| Instructions for the task |
Here, set down only the lines between the line that contains "Steve conçoit et" and the final line of the material, both included, exactly as written. Skip the pictures.

| Supplied information |
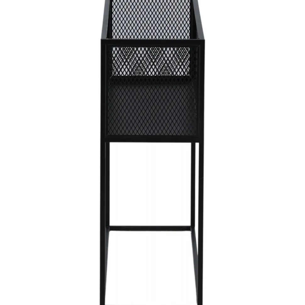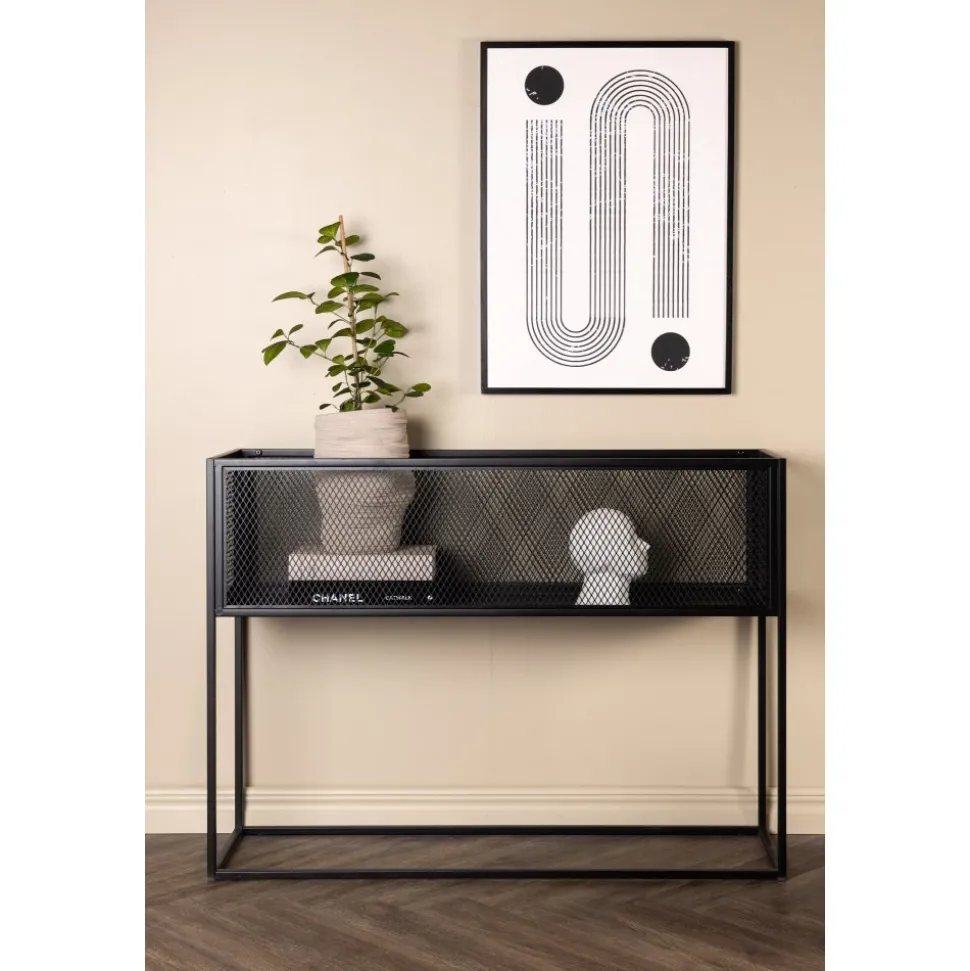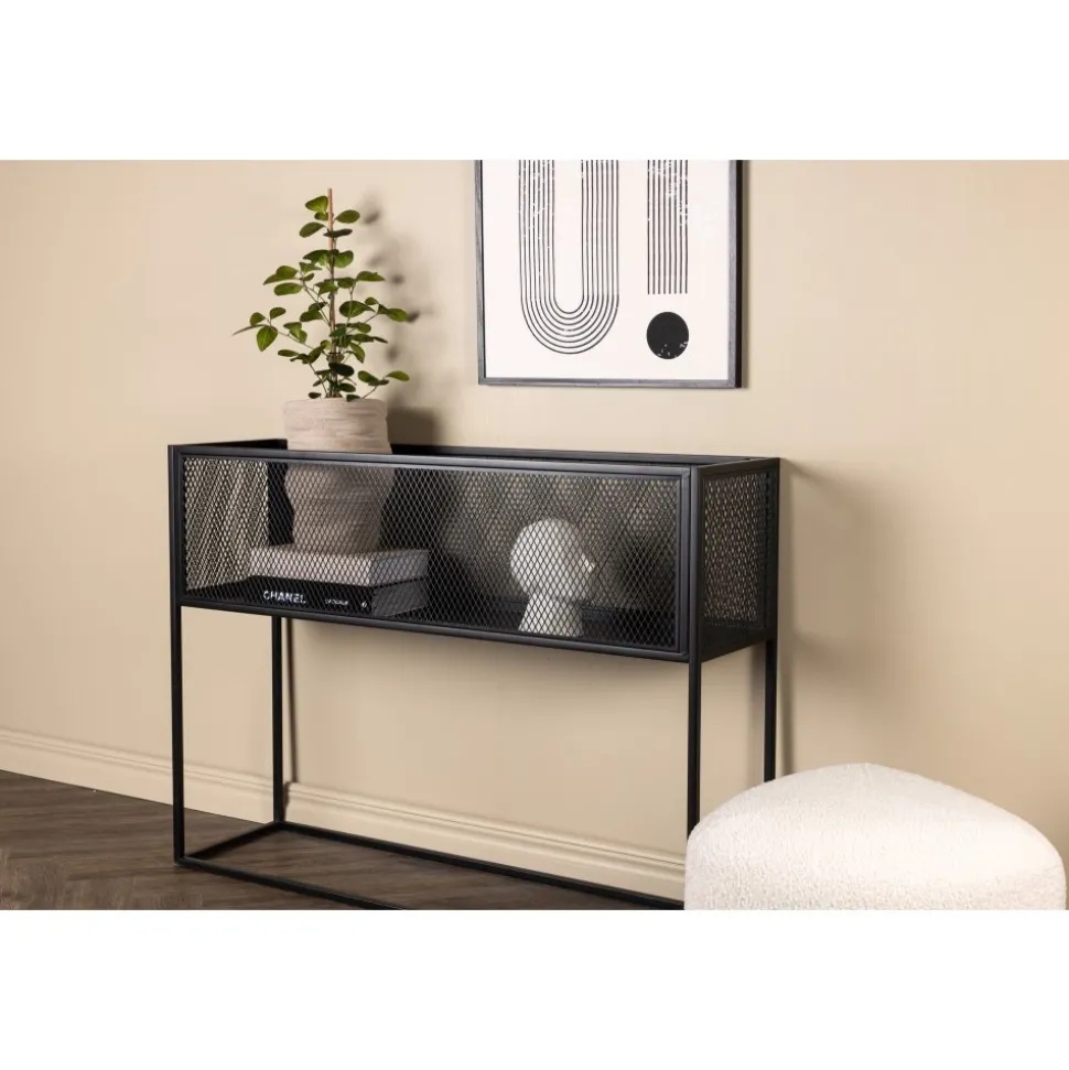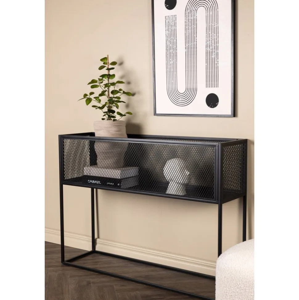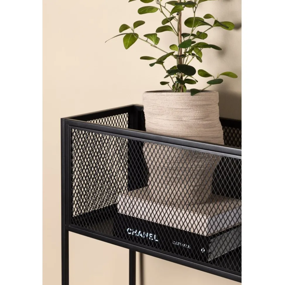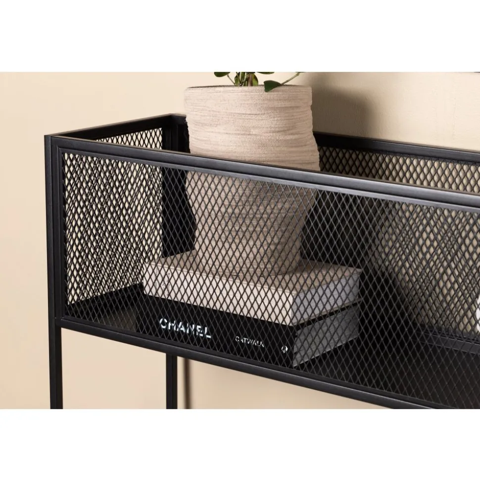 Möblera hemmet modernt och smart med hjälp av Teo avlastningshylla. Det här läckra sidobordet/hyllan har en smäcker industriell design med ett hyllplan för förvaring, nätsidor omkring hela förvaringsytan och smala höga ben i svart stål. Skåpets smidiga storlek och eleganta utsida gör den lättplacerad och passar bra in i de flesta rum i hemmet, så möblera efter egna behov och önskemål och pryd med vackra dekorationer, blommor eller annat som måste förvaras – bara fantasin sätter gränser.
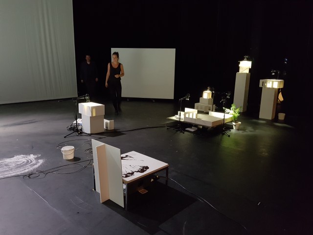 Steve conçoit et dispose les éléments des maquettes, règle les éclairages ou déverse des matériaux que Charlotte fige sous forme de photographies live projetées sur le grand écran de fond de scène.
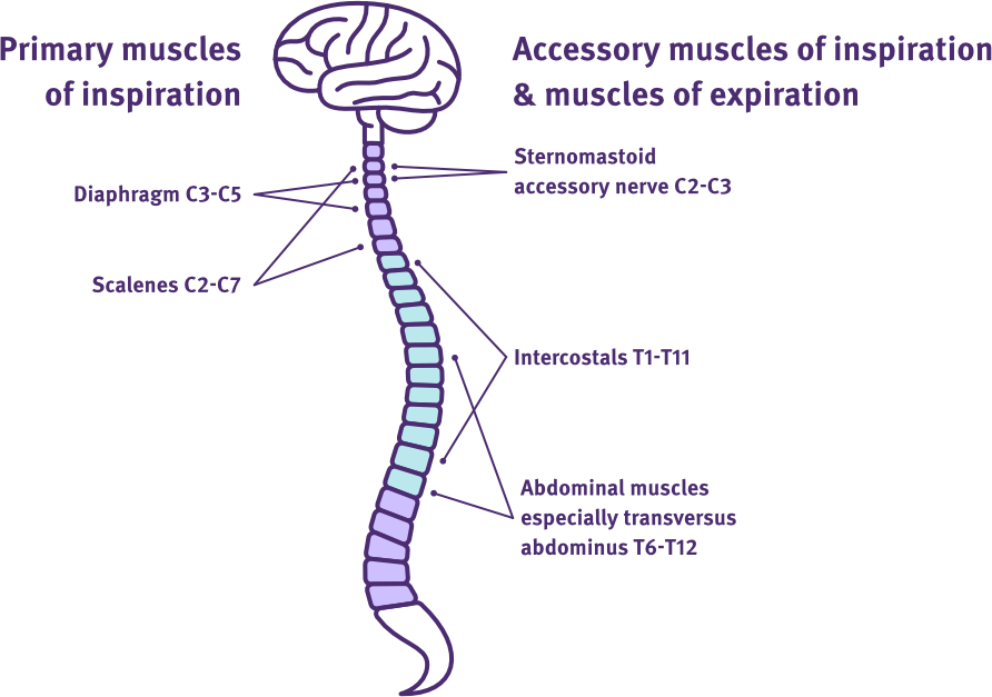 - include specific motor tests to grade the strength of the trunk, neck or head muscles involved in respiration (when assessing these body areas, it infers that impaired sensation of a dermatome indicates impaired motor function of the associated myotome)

| Written solution |
 Steve conçoit et dispose les éléments des maquettes, règle les éclairages ou déverse des matériaux que Charlotte fige sous forme de photographies live projetées sur le grand écran de fond de scène.
 - include specific motor tests to grade the strength of the trunk, neck or head muscles involved in respiration (when assessing these body areas, it infers that impaired sensation of a dermatome indicates impaired motor function of the associated myotome)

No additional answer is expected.